Девушка пожала плечами и впервые с любопытством посмотрела на Ждана.
– Вы правда в Москве учились?
– Правда.
– Расскажите о Москве. Я еще там не была.
– Сразу и не расскажешь – Москва большая. Да что же мы стоим, садитесь хоть сюда.
Девушка высвободила из-под капюшона куртки тяжелые смоляные волосы, присела на край саней.
– Я тоже поеду учиться в Москву. Год мы всем классом решили поработать в тундре. Но потом все равно уеду, я ведь хочу стать археологом и обязательно учится в МГУ.
– А вы в каком сейчас классе?
– Уже десятилетку закончила.
Сзади незаметно подкрался Олег Кергият, накинул на голову девушки капюшон. Аня ойкнула и стала отчаянно вырываться. Оглянулась:
– Олег? Ты тоже здесь?
– Вместе школу кончали, – радостно произнес юноша, – Наша слава и гордость!
Со стороны палатки раздался строгий голос Омрувье:
– Олег, а ну быстро сюда!
Они снова остались вдвоем.
– Так вы к нам надолго?
– Не знаю. Дядя сказал, что я нужна здесь. Они так ругались с нашим бригадиром – жуть! Не хотели отпускать… А что мне у вас делать?
Ждан пожал плечами:
– Мы вроде управляемся. Может, еду готовить? Так это не проблема.
– Все равно я рада. Там надоело – одни старики… Ворчат только. Давайте я зашью вашу куртку, разве можно так ходить?
Ждан забыл об антенне и целый час слонялся между палаткой и санями. Омрувье с Векетом перемигивались, загадочно улыбались.
– Теперь его отсюда целая эскадрилья не вывезет, – решил вслух Векет.
– Не знаю, не знаю. Ты… это, забрось-ка подальше антенну…
Обедали на вольном воздухе. Ждан сидел в заштопанной куртке, имел вид серьезный и важный. С расстановкой и веско говорил о вверенной ему совхозной технике, вспоминал Москву и училище. Как обычно, в оставленную кастрюлю тотчас ткнулись мордами псы, дружно зачавкали. Раньше на это никто не обращал внимания, да и Векет сразу всех заверил, что накануне рикорином выводил у псов каких-то микробов, «А так у них ничего не может быть, – равнодушно заключил он, – Чистейшие организмы тундры! Это люди травят себя никотином и алкоголем…» Псы вылизывали кастрюлю до алюминиевого блеска.

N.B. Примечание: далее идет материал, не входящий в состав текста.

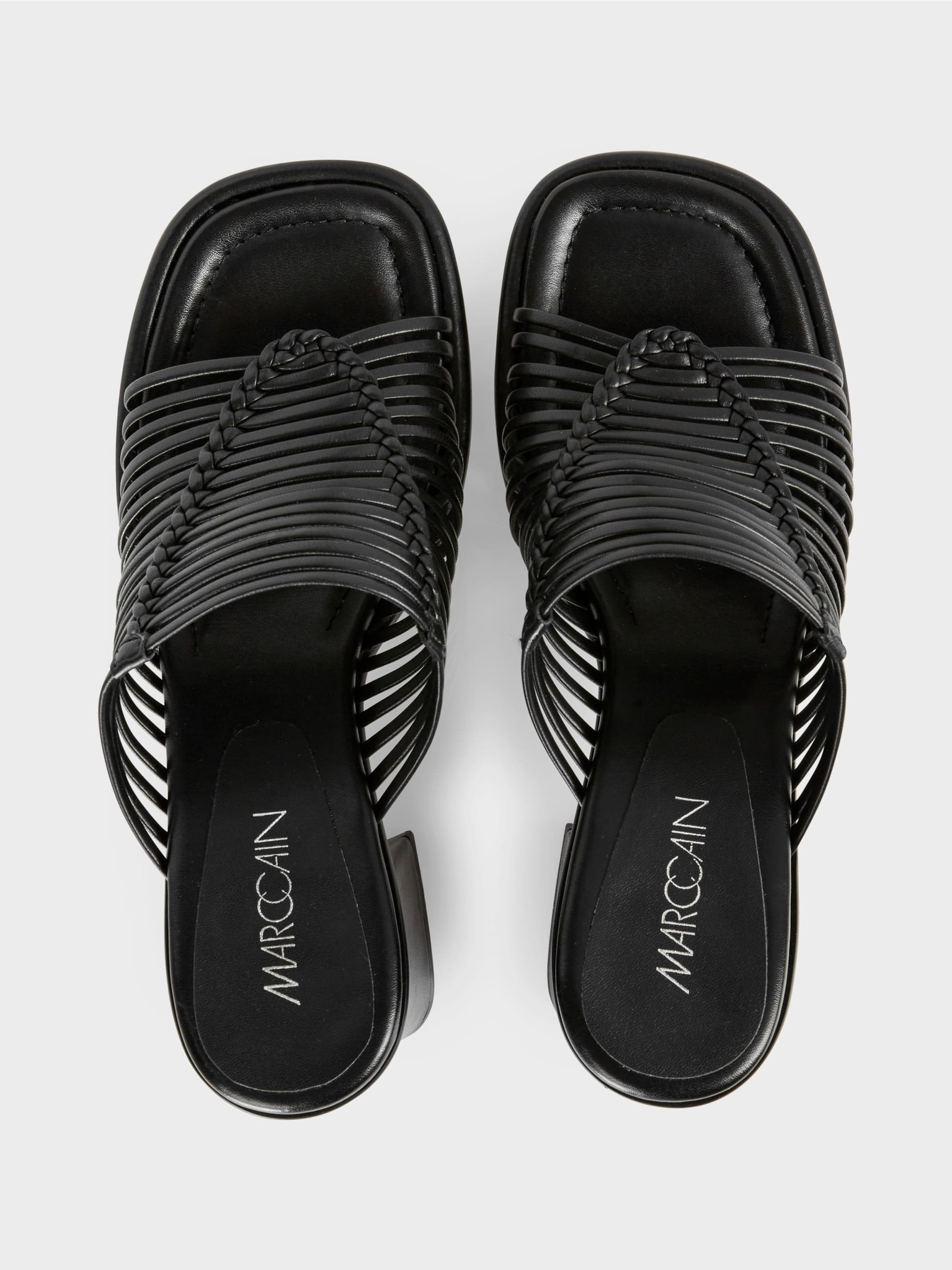 Босоножки кожаныеЧерный цвет Множественные перемычки из тонких кожаных полосокУстойчивый каблук

Однако сейчас Ждан неожиданно для всех рявкнул: «Э-эк! Эк!» Псы замерли, по морды от кастрюли не подняли.
– Чего ты? – искренне удивился Векет.
– Гигиена, – односложно ответил, смутившись, Ждан и посмотрел на Аню.
– Одичали вы совсем. Ждан прав.
Омрувье тут же трахнул посохом но кастрюле – псы отскочили и сели невдалеке, облизываясь.
– Гигиена, – согласился бригадир. – Я об этом и не подумал.
После обеда с таинственным видом куда-то заспешил Олег Кергият.
– Не пойму, куда он все время исчезает, – сказал Векет, – Вано, ты не знаешь?
Вано сквозь дремоту пробормотал что-то невнятное. Омрувье, посмотрев на лежащего тракториста, задумчиво произнес:
– Я только благодаря Вано уяснил смысл слова «лентяй». На нашем языке звучит точнее: «Человек, постоянно греющий свои бока».
Все рассмеялись.
– Может, побиноклим? – предложила Аня Ждану.
– Что? – не понял механик.
– Ну, побиноклим. С этой сопки, наверное, хорошо биноклить.
Векет услужливо протянул свой бинокль.
– Не потеряйте. В первый год после армии я потерял восемь штук. Потом перерыв был…
Ждан взял карабин.
На вершине Сторожевой сопки они увидела сложенный каменный барьер. Краснел мох, росла трава, похожая на овес.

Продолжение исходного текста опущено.